**Material to process:**
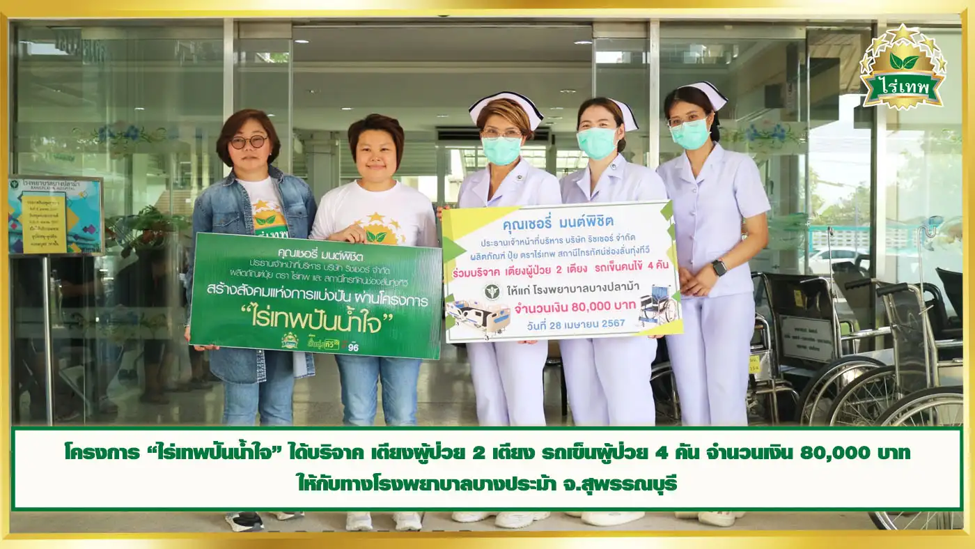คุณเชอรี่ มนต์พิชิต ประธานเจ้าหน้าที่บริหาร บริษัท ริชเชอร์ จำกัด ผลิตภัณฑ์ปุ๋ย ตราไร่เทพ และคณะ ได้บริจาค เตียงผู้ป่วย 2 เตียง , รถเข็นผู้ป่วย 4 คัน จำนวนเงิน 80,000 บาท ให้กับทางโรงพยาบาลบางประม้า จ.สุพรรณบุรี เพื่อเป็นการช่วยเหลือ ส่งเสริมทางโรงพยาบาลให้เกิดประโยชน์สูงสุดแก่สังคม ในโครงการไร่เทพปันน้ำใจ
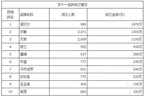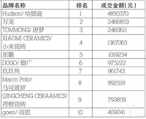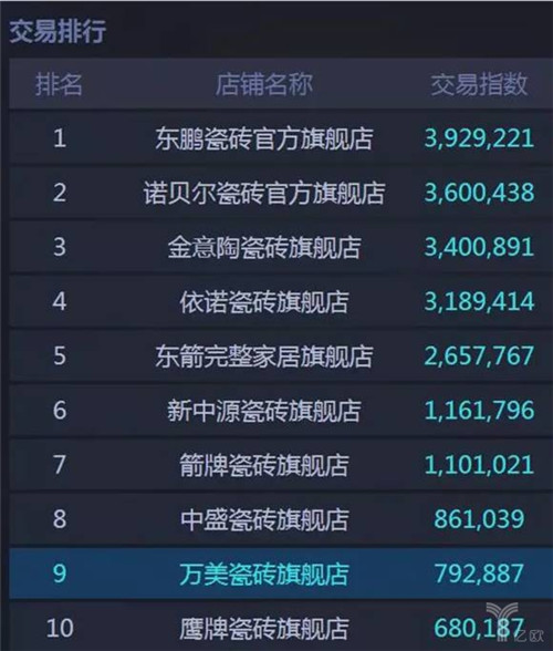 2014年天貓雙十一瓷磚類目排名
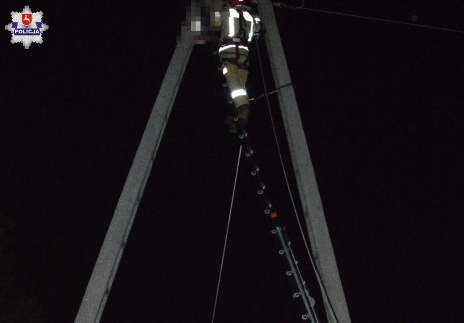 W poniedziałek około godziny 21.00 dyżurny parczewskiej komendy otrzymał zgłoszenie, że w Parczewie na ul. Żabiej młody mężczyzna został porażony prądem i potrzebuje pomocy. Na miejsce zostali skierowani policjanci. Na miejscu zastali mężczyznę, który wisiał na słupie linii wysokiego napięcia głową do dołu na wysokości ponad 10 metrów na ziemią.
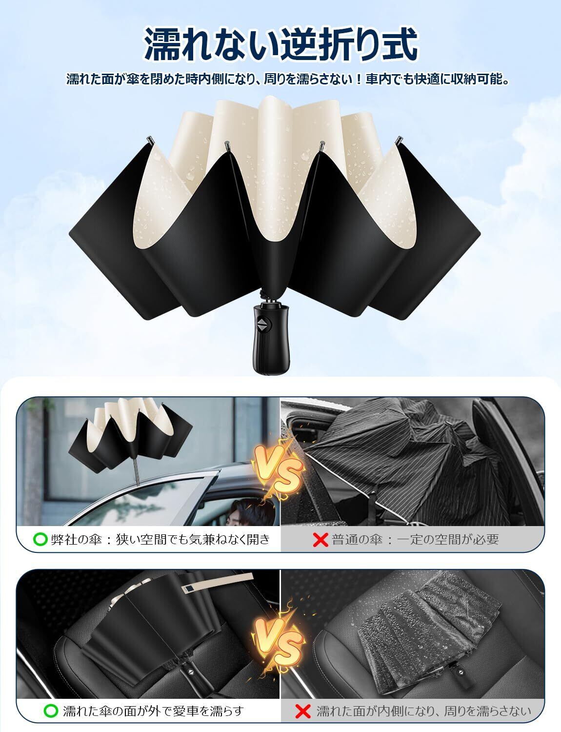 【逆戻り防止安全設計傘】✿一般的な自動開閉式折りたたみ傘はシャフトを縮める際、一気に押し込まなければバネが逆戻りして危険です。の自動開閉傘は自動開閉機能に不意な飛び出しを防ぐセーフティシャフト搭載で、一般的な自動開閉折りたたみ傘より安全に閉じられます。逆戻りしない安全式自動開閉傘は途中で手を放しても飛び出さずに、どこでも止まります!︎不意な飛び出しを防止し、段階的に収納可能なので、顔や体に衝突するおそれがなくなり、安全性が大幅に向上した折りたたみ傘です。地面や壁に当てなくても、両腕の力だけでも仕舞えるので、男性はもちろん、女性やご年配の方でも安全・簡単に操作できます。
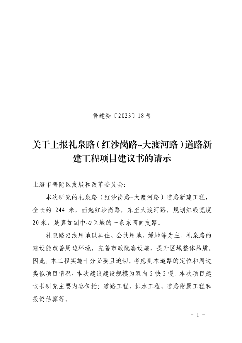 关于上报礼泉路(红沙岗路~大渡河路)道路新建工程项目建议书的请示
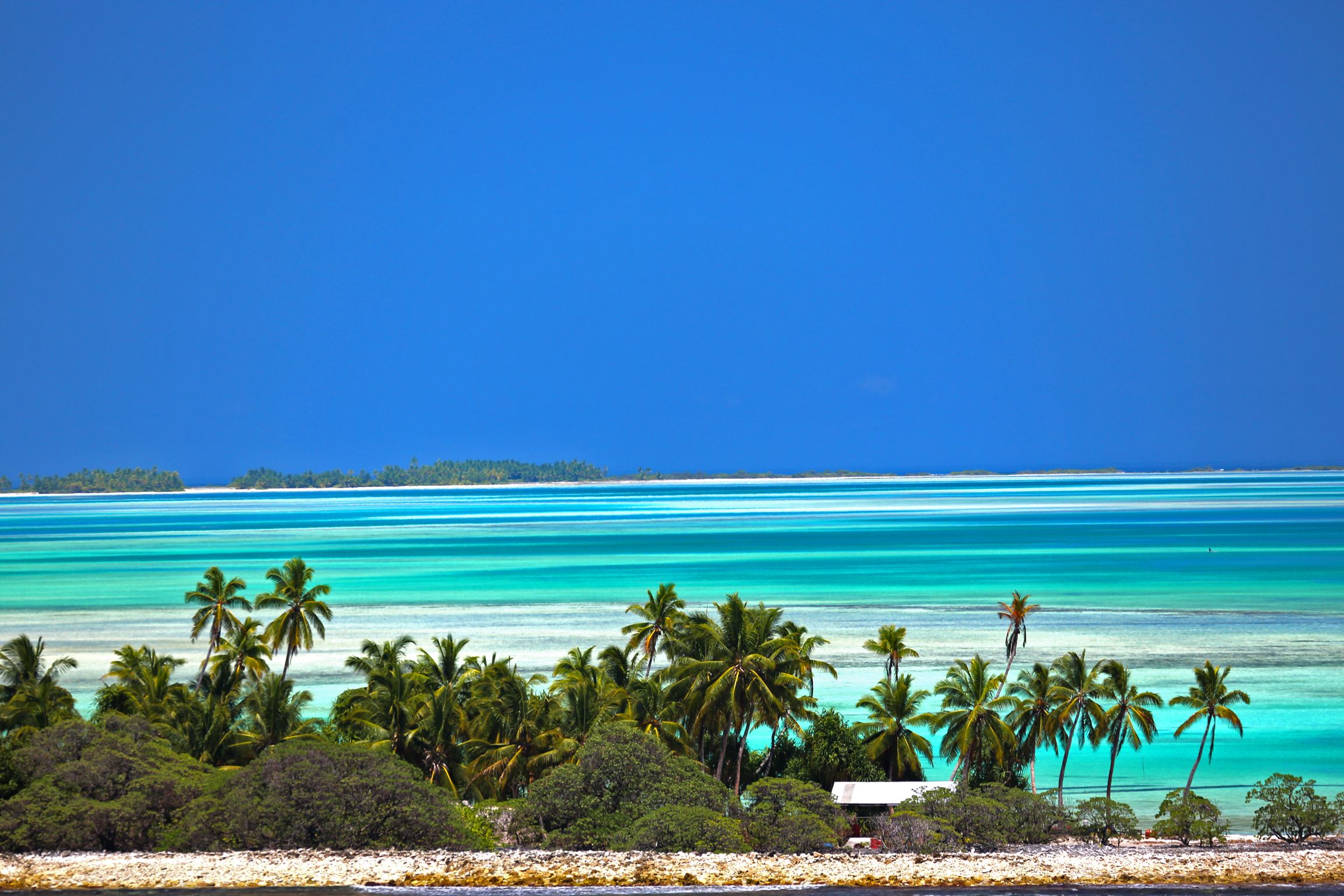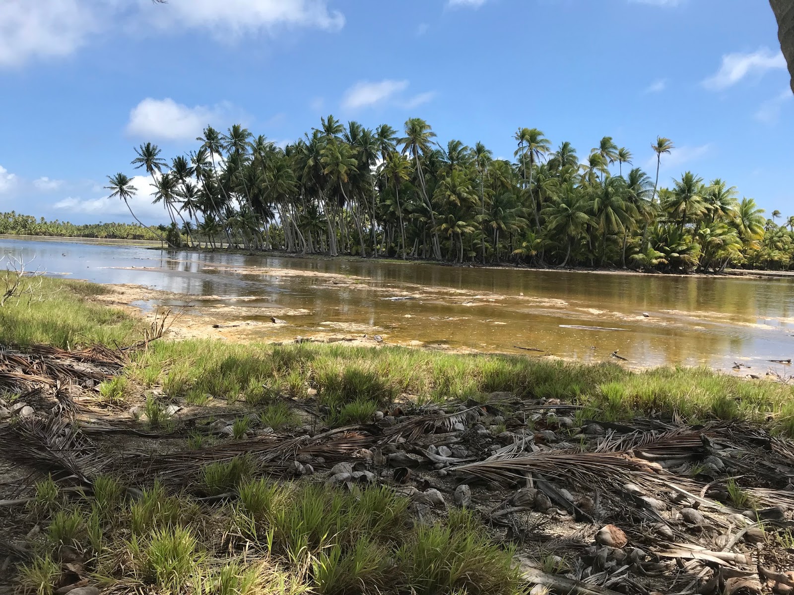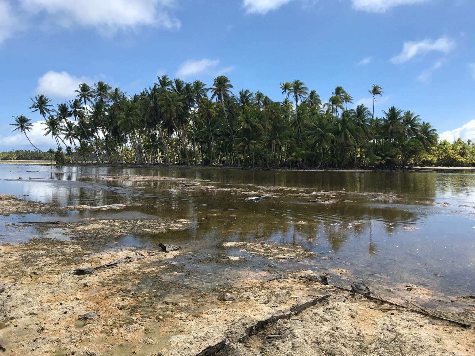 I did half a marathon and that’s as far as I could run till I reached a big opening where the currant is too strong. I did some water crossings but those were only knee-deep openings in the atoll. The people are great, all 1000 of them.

**What this task involves:** Using the entries above, transcribe every line from the line containing "W poniedziałek około" through the line containing "关于上报礼泉路(红沙岗路~大渡河路)道路新建工程项目建议书的请示". Do not copy pictures.

**Response to this task:**
 W poniedziałek około godziny 21.00 dyżurny parczewskiej komendy otrzymał zgłoszenie, że w Parczewie na ul. Żabiej młody mężczyzna został porażony prądem i potrzebuje pomocy. Na miejsce zostali skierowani policjanci. Na miejscu zastali mężczyznę, który wisiał na słupie linii wysokiego napięcia głową do dołu na wysokości ponad 10 metrów na ziemią.
 【逆戻り防止安全設計傘】✿一般的な自動開閉式折りたたみ傘はシャフトを縮める際、一気に押し込まなければバネが逆戻りして危険です。の自動開閉傘は自動開閉機能に不意な飛び出しを防ぐセーフティシャフト搭載で、一般的な自動開閉折りたたみ傘より安全に閉じられます。逆戻りしない安全式自動開閉傘は途中で手を放しても飛び出さずに、どこでも止まります!︎不意な飛び出しを防止し、段階的に収納可能なので、顔や体に衝突するおそれがなくなり、安全性が大幅に向上した折りたたみ傘です。地面や壁に当てなくても、両腕の力だけでも仕舞えるので、男性はもちろん、女性やご年配の方でも安全・簡単に操作できます。
 关于上报礼泉路(红沙岗路~大渡河路)道路新建工程项目建议书的请示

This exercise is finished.